╭──
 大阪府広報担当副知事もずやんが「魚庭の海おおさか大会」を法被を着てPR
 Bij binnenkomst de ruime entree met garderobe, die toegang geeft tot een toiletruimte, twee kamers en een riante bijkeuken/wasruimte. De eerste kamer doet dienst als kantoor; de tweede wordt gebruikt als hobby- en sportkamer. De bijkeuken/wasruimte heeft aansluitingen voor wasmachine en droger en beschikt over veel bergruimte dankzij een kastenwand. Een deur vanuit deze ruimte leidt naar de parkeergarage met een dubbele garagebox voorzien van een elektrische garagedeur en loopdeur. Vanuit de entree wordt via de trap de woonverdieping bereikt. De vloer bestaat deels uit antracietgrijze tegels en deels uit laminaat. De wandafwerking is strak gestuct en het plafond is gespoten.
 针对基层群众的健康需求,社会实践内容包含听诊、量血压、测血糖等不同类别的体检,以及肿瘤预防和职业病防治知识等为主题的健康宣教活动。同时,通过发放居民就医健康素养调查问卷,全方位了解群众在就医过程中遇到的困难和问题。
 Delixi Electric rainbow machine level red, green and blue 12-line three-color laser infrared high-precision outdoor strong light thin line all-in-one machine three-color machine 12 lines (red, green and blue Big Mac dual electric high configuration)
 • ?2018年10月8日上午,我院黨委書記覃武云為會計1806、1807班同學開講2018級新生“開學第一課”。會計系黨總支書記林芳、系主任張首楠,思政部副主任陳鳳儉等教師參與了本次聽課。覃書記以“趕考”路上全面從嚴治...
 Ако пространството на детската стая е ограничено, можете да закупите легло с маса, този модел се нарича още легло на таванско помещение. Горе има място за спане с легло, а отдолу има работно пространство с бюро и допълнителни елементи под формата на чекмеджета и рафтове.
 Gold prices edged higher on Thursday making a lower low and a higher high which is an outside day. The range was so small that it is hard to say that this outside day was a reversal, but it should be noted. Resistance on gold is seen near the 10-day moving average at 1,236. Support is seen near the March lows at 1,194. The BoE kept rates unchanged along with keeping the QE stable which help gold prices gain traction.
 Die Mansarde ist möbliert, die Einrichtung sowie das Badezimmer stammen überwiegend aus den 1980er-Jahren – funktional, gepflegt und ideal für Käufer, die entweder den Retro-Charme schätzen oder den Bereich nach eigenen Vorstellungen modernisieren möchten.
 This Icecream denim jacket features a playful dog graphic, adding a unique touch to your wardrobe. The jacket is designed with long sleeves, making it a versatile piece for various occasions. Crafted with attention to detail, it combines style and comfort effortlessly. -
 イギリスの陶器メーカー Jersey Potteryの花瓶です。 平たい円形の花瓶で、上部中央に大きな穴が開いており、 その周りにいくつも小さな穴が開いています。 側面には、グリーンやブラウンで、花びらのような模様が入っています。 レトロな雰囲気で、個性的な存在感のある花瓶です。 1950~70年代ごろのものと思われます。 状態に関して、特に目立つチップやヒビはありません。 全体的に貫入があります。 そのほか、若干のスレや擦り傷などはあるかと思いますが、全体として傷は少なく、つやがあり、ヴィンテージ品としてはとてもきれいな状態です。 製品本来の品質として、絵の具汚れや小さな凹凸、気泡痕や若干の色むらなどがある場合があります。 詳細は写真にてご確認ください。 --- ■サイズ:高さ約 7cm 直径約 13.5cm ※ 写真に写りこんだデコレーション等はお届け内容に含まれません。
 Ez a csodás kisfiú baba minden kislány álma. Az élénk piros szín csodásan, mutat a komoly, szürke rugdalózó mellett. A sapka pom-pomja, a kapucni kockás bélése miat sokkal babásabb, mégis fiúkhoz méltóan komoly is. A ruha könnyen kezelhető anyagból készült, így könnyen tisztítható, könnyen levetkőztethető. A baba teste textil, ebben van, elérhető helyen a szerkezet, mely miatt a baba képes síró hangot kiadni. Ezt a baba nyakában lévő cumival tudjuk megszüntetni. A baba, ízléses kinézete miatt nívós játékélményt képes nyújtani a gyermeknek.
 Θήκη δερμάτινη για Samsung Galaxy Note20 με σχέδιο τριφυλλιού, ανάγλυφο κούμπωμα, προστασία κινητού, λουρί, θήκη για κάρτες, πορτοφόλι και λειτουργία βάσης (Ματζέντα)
╰──
> [ASSIGNMENT] Nothing but the lines from the one with "Die Mansarde ist" through the last line of the data should appear; print them exactly.

> [ANSWER SECTION]
 Die Mansarde ist möbliert, die Einrichtung sowie das Badezimmer stammen überwiegend aus den 1980er-Jahren – funktional, gepflegt und ideal für Käufer, die entweder den Retro-Charme schätzen oder den Bereich nach eigenen Vorstellungen modernisieren möchten.
 This Icecream denim jacket features a playful dog graphic, adding a unique touch to your wardrobe. The jacket is designed with long sleeves, making it a versatile piece for various occasions. Crafted with attention to detail, it combines style and comfort effortlessly. -
 イギリスの陶器メーカー Jersey Potteryの花瓶です。 平たい円形の花瓶で、上部中央に大きな穴が開いており、 その周りにいくつも小さな穴が開いています。 側面には、グリーンやブラウンで、花びらのような模様が入っています。 レトロな雰囲気で、個性的な存在感のある花瓶です。 1950~70年代ごろのものと思われます。 状態に関して、特に目立つチップやヒビはありません。 全体的に貫入があります。 そのほか、若干のスレや擦り傷などはあるかと思いますが、全体として傷は少なく、つやがあり、ヴィンテージ品としてはとてもきれいな状態です。 製品本来の品質として、絵の具汚れや小さな凹凸、気泡痕や若干の色むらなどがある場合があります。 詳細は写真にてご確認ください。 --- ■サイズ:高さ約 7cm 直径約 13.5cm ※ 写真に写りこんだデコレーション等はお届け内容に含まれません。
 Ez a csodás kisfiú baba minden kislány álma. Az élénk piros szín csodásan, mutat a komoly, szürke rugdalózó mellett. A sapka pom-pomja, a kapucni kockás bélése miat sokkal babásabb, mégis fiúkhoz méltóan komoly is. A ruha könnyen kezelhető anyagból készült, így könnyen tisztítható, könnyen levetkőztethető. A baba teste textil, ebben van, elérhető helyen a szerkezet, mely miatt a baba képes síró hangot kiadni. Ezt a baba nyakában lévő cumival tudjuk megszüntetni. A baba, ízléses kinézete miatt nívós játékélményt képes nyújtani a gyermeknek.
 Θήκη δερμάτινη για Samsung Galaxy Note20 με σχέδιο τριφυλλιού, ανάγλυφο κούμπωμα, προστασία κινητού, λουρί, θήκη για κάρτες, πορτοφόλι και λειτουργία βάσης (Ματζέντα)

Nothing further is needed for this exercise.